◆ **Data**
______________________________
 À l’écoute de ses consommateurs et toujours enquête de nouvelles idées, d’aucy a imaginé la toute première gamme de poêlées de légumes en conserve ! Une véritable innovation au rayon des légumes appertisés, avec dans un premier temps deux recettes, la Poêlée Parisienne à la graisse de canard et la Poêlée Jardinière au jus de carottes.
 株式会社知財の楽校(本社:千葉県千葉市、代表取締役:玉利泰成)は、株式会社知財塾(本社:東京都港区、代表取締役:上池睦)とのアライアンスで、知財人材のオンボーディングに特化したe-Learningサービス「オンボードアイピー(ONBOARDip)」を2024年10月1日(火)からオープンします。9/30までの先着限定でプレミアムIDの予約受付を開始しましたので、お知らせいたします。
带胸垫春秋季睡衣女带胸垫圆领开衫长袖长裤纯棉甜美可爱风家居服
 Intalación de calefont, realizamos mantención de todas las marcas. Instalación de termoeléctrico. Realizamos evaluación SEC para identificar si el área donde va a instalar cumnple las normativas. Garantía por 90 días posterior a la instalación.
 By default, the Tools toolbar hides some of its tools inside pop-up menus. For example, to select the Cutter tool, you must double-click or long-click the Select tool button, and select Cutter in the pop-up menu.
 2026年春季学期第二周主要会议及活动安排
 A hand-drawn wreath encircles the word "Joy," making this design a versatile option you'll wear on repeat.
______________________________
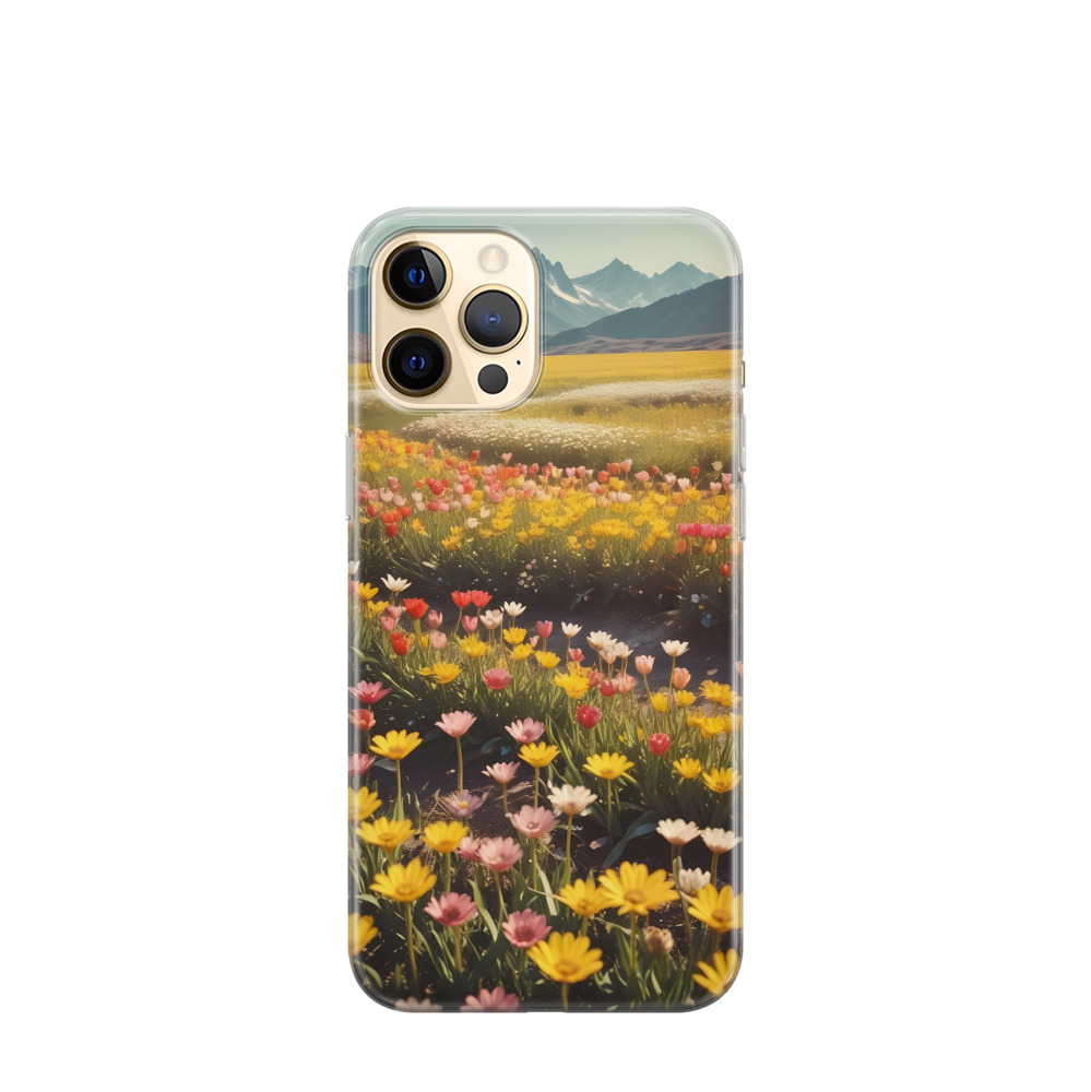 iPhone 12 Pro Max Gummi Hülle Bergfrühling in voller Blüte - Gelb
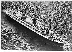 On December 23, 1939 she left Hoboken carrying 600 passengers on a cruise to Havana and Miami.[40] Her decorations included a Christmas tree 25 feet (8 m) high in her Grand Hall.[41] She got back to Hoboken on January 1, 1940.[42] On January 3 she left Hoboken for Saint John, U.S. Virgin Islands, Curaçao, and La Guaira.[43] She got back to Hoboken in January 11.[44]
______________________________
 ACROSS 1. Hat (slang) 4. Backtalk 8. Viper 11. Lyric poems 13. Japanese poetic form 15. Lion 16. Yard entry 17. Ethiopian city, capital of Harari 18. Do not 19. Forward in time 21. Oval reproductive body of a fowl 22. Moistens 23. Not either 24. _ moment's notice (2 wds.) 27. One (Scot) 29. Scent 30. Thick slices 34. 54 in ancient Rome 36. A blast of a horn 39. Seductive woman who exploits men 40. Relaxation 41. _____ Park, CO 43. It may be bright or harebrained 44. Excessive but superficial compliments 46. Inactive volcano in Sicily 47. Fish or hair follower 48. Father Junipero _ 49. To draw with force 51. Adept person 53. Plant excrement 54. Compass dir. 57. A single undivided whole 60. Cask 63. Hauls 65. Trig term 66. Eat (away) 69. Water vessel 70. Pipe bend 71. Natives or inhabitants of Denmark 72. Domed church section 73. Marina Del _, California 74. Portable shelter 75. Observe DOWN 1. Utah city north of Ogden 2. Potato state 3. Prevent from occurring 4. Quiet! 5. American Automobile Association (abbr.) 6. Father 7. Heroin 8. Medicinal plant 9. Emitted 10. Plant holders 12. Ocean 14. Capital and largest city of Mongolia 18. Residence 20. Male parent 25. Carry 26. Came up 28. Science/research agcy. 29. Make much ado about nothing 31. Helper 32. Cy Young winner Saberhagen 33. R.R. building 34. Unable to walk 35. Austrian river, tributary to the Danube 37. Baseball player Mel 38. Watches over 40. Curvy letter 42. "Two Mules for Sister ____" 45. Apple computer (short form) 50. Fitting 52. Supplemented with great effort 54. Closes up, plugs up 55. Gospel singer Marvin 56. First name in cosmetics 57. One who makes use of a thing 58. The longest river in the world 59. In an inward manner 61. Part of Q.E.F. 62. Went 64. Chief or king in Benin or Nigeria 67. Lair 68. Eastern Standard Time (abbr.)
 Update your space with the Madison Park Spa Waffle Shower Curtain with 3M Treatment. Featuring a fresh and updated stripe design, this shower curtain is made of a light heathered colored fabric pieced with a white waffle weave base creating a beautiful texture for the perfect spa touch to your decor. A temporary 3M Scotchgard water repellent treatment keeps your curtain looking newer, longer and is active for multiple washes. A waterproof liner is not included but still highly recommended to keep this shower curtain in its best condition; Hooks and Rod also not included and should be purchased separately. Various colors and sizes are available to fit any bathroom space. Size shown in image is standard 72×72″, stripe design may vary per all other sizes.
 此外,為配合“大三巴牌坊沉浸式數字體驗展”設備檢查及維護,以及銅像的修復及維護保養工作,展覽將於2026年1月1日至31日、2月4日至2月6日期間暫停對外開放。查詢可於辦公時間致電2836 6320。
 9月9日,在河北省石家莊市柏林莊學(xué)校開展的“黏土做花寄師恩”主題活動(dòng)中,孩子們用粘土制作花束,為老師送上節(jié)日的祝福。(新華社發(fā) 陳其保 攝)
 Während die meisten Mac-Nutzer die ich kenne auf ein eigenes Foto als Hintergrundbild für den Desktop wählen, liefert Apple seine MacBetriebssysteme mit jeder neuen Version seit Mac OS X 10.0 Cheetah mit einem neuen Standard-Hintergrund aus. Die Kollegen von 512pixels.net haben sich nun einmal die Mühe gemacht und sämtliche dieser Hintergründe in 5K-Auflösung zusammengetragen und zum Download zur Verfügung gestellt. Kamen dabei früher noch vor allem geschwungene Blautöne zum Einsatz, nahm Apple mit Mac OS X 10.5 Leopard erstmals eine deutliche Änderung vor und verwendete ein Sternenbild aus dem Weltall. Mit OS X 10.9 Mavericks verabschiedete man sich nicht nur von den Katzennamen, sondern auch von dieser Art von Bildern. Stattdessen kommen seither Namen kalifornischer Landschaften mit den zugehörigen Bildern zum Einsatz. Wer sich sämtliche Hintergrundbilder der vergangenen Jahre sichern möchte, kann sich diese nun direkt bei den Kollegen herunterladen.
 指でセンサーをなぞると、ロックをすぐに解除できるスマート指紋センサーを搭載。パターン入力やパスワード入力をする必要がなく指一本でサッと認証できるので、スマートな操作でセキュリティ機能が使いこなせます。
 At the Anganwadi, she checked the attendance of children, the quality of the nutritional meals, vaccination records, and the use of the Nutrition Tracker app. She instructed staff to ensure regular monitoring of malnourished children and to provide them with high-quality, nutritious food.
______________________________
◆ **Work instruction**
Look back at the entries above. Retype the line with "株式会社知財の楽校(本社:千", the line with "A hand-drawn wreath", and all lines in between.

◆ **Task output**
 株式会社知財の楽校(本社:千葉県千葉市、代表取締役:玉利泰成)は、株式会社知財塾(本社:東京都港区、代表取締役:上池睦)とのアライアンスで、知財人材のオンボーディングに特化したe-Learningサービス「オンボードアイピー(ONBOARDip)」を2024年10月1日(火)からオープンします。9/30までの先着限定でプレミアムIDの予約受付を開始しましたので、お知らせいたします。
带胸垫春秋季睡衣女带胸垫圆领开衫长袖长裤纯棉甜美可爱风家居服
 Intalación de calefont, realizamos mantención de todas las marcas. Instalación de termoeléctrico. Realizamos evaluación SEC para identificar si el área donde va a instalar cumnple las normativas. Garantía por 90 días posterior a la instalación.
 By default, the Tools toolbar hides some of its tools inside pop-up menus. For example, to select the Cutter tool, you must double-click or long-click the Select tool button, and select Cutter in the pop-up menu.
 2026年春季学期第二周主要会议及活动安排
 A hand-drawn wreath encircles the word "Joy," making this design a versatile option you'll wear on repeat.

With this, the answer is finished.